Reputation: 1103
so I have a list of tuple of the form (subject1,relationtype,sobject2)
, representing relational facts. I want to write a method that remove one of (subject1,relationtype,sobject2)
, (subject2,relationtype,sobject1)
if they both are in the list.
Here is what I tried:
def delete_symmetric_relations(A):
A = set(tuple(e) for e in A)
for (s,r,o) in A:
for (s1, r1, o1) in A:
if (s,r,o)==(o1,r1,s1) and (s,r,o) != (s1,r1,o1):
A.remove((s1,r1,o1))
return list(A)
print(delete_symmetric_relations(data))
I then get the error: RuntimeError: Set changed size during iteration
Example of how the method should work:
Say we have list [(1,in_same_numbersystem_as,3),(2,"is_smaller_than",4),(3,in_same_numbersystem_as,1),(2,"is_smaller_than",6)]

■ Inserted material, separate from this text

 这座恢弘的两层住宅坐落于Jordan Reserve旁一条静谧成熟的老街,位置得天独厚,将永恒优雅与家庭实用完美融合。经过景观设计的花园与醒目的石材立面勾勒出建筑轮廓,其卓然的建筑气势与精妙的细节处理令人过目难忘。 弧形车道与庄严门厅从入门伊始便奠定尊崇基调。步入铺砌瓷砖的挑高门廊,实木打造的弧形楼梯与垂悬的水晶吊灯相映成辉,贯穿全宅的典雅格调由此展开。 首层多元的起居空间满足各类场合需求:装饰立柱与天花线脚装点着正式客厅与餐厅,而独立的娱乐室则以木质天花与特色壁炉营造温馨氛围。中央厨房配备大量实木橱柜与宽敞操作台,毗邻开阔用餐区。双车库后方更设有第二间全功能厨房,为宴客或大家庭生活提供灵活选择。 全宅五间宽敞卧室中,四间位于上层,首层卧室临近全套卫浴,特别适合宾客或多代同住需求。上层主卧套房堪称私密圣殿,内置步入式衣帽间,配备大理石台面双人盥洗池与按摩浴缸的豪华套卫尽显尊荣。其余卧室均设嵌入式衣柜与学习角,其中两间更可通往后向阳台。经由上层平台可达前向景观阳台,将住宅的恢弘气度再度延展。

, the method should return one of [(2,"is_smaller_than",4),(3,in_same_numbersystem_as,1),(2,"is_smaller_than",6)]
or [(1,in_same_numbersystem_as,3),(2,"is_smaller_than",4),(2,"is_smaller_than",6)]

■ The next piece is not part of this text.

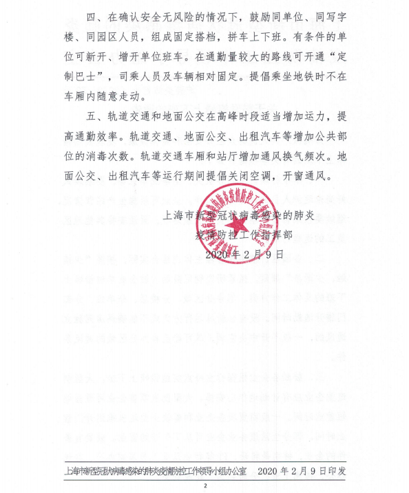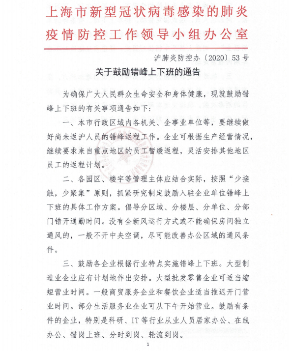 沪肺炎防控办《关于鼓励错峰上下班的通告》

So from the suggestion, i rewrote the code as :
def delete_symmetric_relations(A):
somelist = [(s,r,o) for (s,r,o) in A if (o,r,s) not in A]
return somelist
But this code removes all (s,r,o) and (o,r,s) but I want to retain at least one.and got:
IOPub data rate exceeded.
The notebook server will temporarily stop sending output
to the client in order to avoid crashing it.

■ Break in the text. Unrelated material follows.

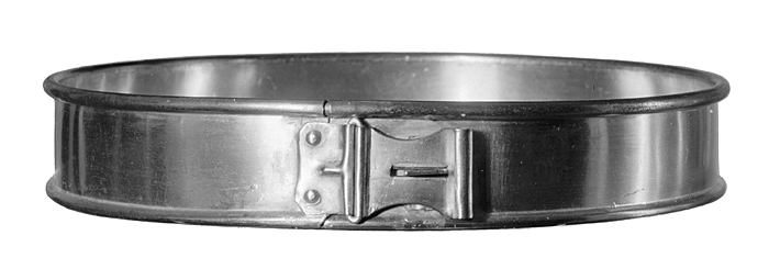 TÅRTFORM (s. k. springform) Av bleckplåt. Rund, med rakt uppstående sarg och löstagbar botten. Sargen på ett ställe avskuren, ändarna sammanhållna på utsidan medelst ett lås, bestående av en hasp på ena delen och en tunn nabb på den andra; kring sargens övre kant en utstående stav, kring nedre kanten en invikt fals, vari botten fasthålls. Botten plan, av tunn plåt. Då låset öppnas, vidgas sargen och botten blir fri. Höjd: 3,9 cm.; diameter: 22,8 cm

To change this limit, set the config variable
`--NotebookApp.iopub_data_rate_limit`
Because my list is very very large.
So how can i do it?
Upvotes: 0
Views: 66
Reputation: 1328
You can sort each of the tuple inside the list and pass the final output into the set will remove duplicates
>>> data = [(0,1,7), (5,1,3), (7,1,0), (0,7,1)] # sample input
>>> data = list(set(map(lambda x: tuple(sorted(x)), data)))
[(1, 3, 5), (0, 1, 7)]
Note: The above solution works only if your tuple
must have a unique type object
.
If your tuple contains a mix of different type
objects then you need to convert all the elements inside the tuple
into string
type and pass that into the sorted
method.
>>> data = [(0, 1, 7, 'b'), (5, 1, 3, 'a'), (7, 1, 0, 'b'), (0, 1, 7, 'b')]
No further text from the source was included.